Salesforce AI Research released VoiceAgentRAG, an open-source system that solves voice AI's fundamental latency problem through predictive caching. The dual-agent architecture runs a "Fast Talker" that serves responses from an in-memory semantic cache in 0.35ms, while a "Slow Thinker" background agent monitors conversations and pre-fetches likely follow-up topics into local storage. This approach delivers a 316x speedup over standard vector database queries that typically consume 50-300ms—the entire response budget for natural conversation.

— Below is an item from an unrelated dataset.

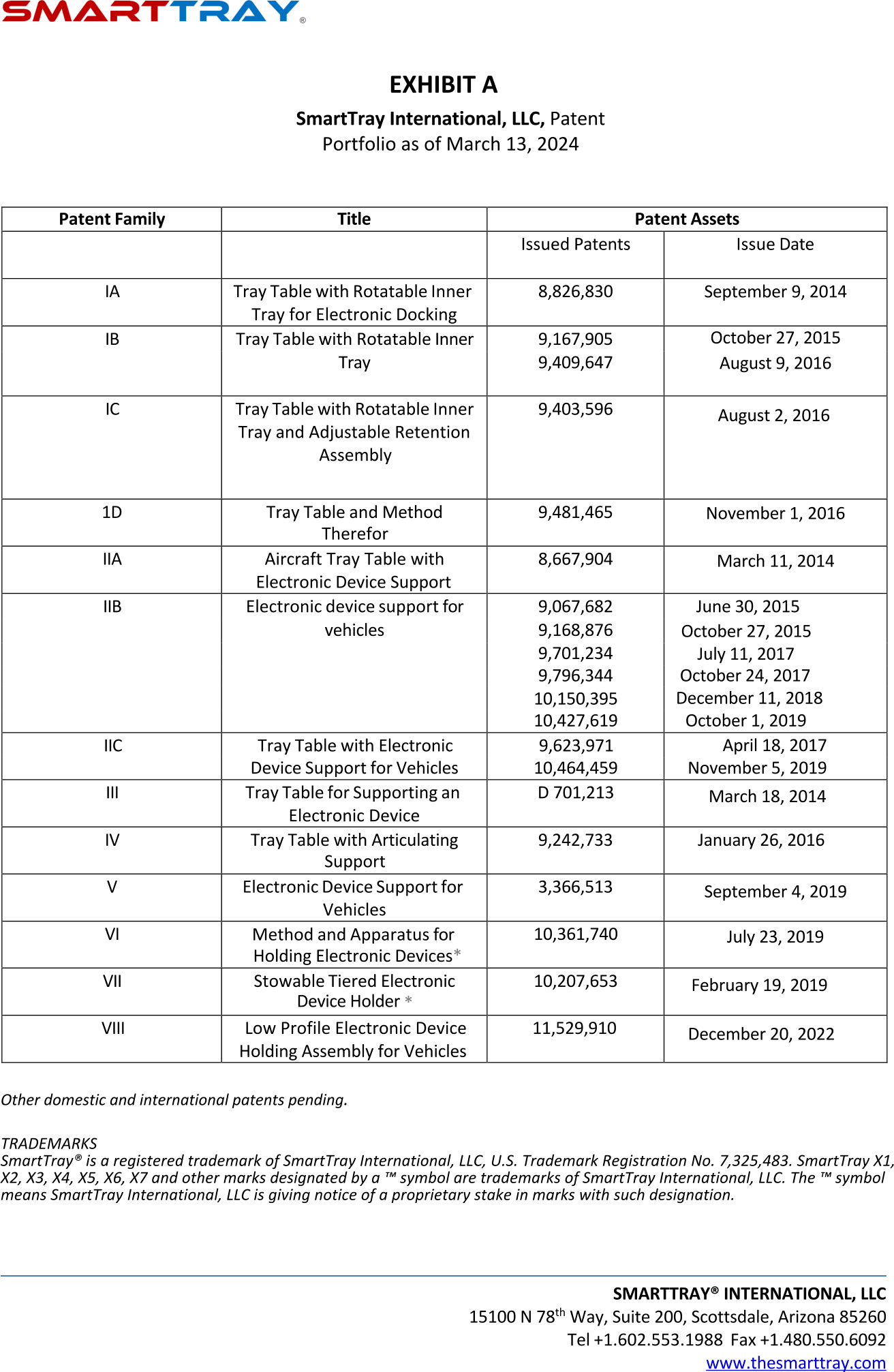 SmartTray® International, LLC pioneered patented Personal Electronic Device (PED) holders for use in commercial aviation in 2011. United Airlines was first to license SmartTray patented technology in 2014. Today, SmartTray has eighteen granted patents in the US and Europe covering broad range of integrated PED holder solutions in passenger seats and tray tables for use in aviation, rail, bus, automotive and marine transportation. SmartTray PED holders facilitate hands free use of smartphones and tablets significantly enhancing on board entertainment experience. SmartTray proprietary PED holders are within arm’s reach and in full sight of each passenger. There is no pain or muscle fatigue from holding PED’s boasting superior ergonomics and better customer loyalty. Replacing traditional food tray tables with SmartTray multi-function tray tables that hold PED’s at each seat offer lowest cost options to upgrading passenger seats in BYOD environment. For most installations, SmartTray can be installed in entire aircraft, bus, or a train car in just a few hours resulting in significant cost savings and without taking vehicles out of service. SmartTray is privately owned. For information about licensing and strategic partnership opportunities please inquire at: info@thesmarttray.com..

This tackles the core constraint holding back voice agents today. While text-based RAG systems can afford multi-second "thinking" pauses, voice interfaces need sub-200ms responses to feel natural. Most production systems blow this budget on database roundtrips before the LLM even starts generating. The timing constraint explains why voice assistants still feel clunky compared to text interfaces—it's not just the models, it's the infrastructure.

The technical implementation reveals smart engineering choices. Rather than indexing queries, VoiceAgentRAG's FAISS-based semantic cache indexes document embeddings directly, enabling proper semantic search even when user phrasing differs from predictions. The system uses a 0.40 cosine similarity threshold (lower than typical 0.95 query-to-query thresholds) and maintains cache freshness with 300-second TTL and LRU eviction. The background agent generates "document-style descriptions" rather than questions to better align embeddings with actual knowledge base content.

For developers building voice interfaces, this represents a clear path forward. The open-source release means you can implement predictive caching without rebuilding from scratch. But the real insight is architectural—decoupling retrieval from generation through async background processing. This pattern will likely become standard for any real-time AI application where latency matters more than perfect accuracy.